Top of DATA FOR PROCESSING

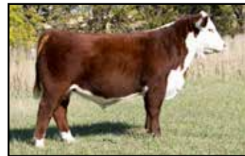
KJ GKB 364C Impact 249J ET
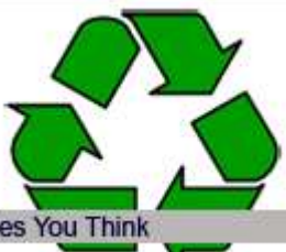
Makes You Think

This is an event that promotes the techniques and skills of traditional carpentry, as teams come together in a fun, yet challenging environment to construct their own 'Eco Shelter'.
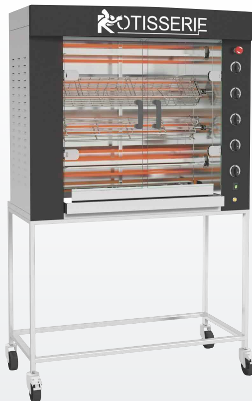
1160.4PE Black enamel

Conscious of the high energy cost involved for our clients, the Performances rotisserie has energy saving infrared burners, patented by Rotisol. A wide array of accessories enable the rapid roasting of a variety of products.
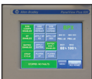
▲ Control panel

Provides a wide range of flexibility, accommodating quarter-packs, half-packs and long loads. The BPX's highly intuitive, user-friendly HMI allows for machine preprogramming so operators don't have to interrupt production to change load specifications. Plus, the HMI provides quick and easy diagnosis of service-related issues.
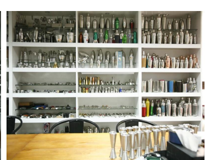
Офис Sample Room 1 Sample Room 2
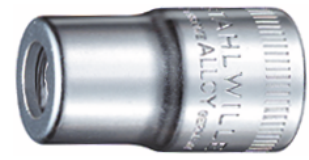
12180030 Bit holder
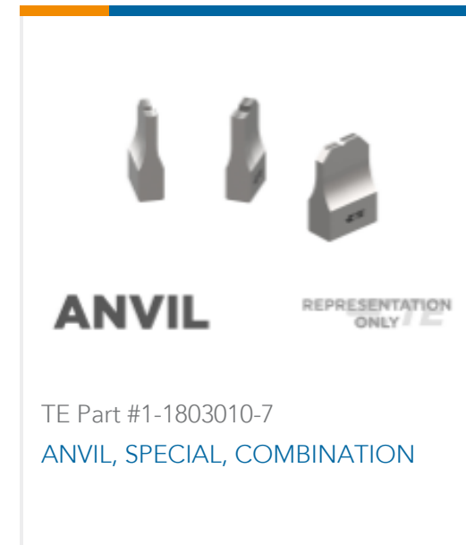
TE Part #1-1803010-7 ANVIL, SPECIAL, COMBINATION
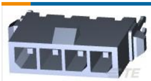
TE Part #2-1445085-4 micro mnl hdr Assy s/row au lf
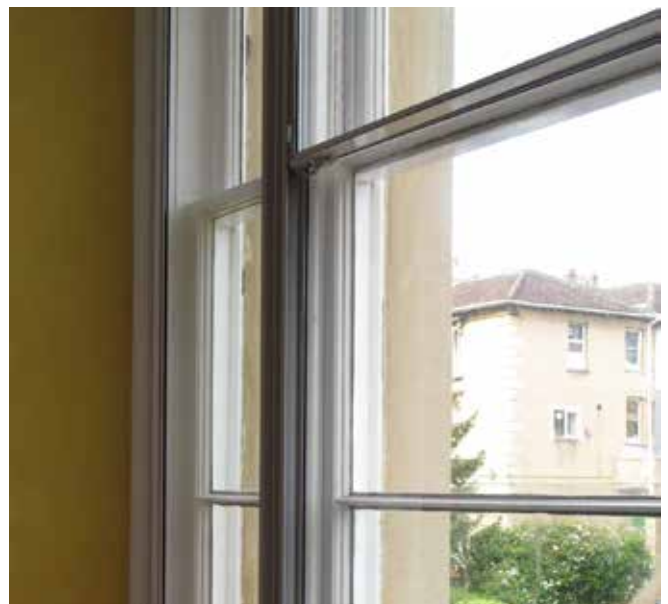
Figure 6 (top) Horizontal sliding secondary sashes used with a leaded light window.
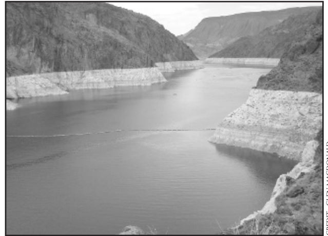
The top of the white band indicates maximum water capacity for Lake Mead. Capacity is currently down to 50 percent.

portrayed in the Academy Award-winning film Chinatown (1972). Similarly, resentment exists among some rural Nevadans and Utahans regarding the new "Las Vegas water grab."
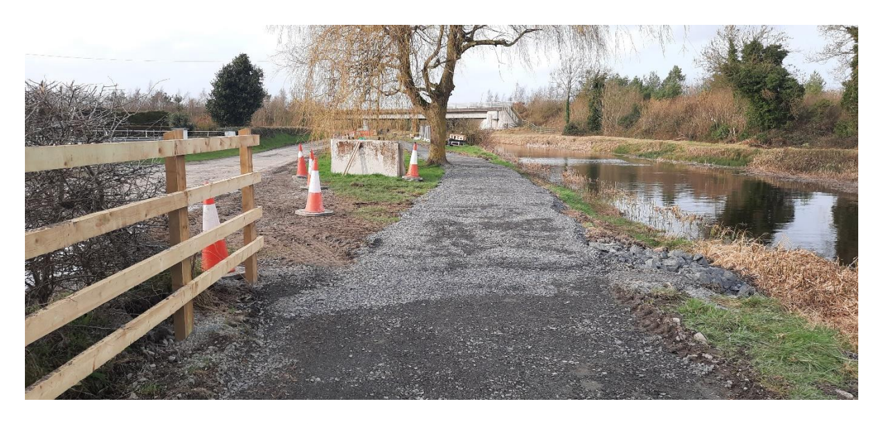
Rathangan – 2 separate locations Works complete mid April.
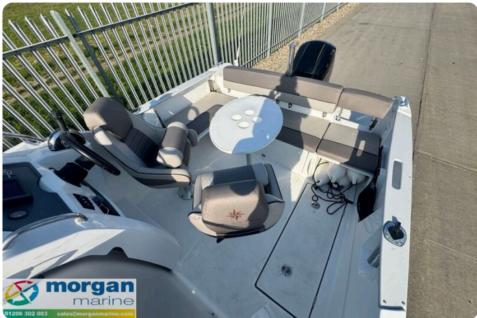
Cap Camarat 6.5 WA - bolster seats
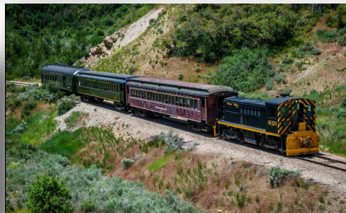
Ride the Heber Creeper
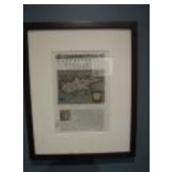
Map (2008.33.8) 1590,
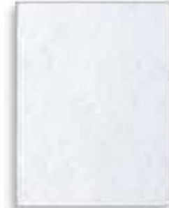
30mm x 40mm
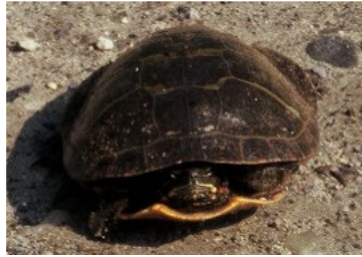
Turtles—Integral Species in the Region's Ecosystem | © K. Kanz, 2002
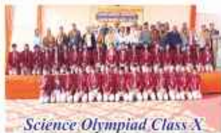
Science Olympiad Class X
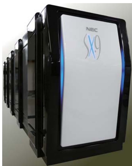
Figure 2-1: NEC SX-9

Bottom of DATA FOR PROCESSING

# BRIEF:
Above, find the line with "TE Part #1-1803010-7"; copy it and every line down to the line with "The top of the", exactly and both included, but no pictures.

# YOUR RESPONSE:
TE Part #1-1803010-7 ANVIL, SPECIAL, COMBINATION
TE Part #2-1445085-4 micro mnl hdr Assy s/row au lf
Figure 6 (top) Horizontal sliding secondary sashes used with a leaded light window.
The top of the white band indicates maximum water capacity for Lake Mead. Capacity is currently down to 50 percent.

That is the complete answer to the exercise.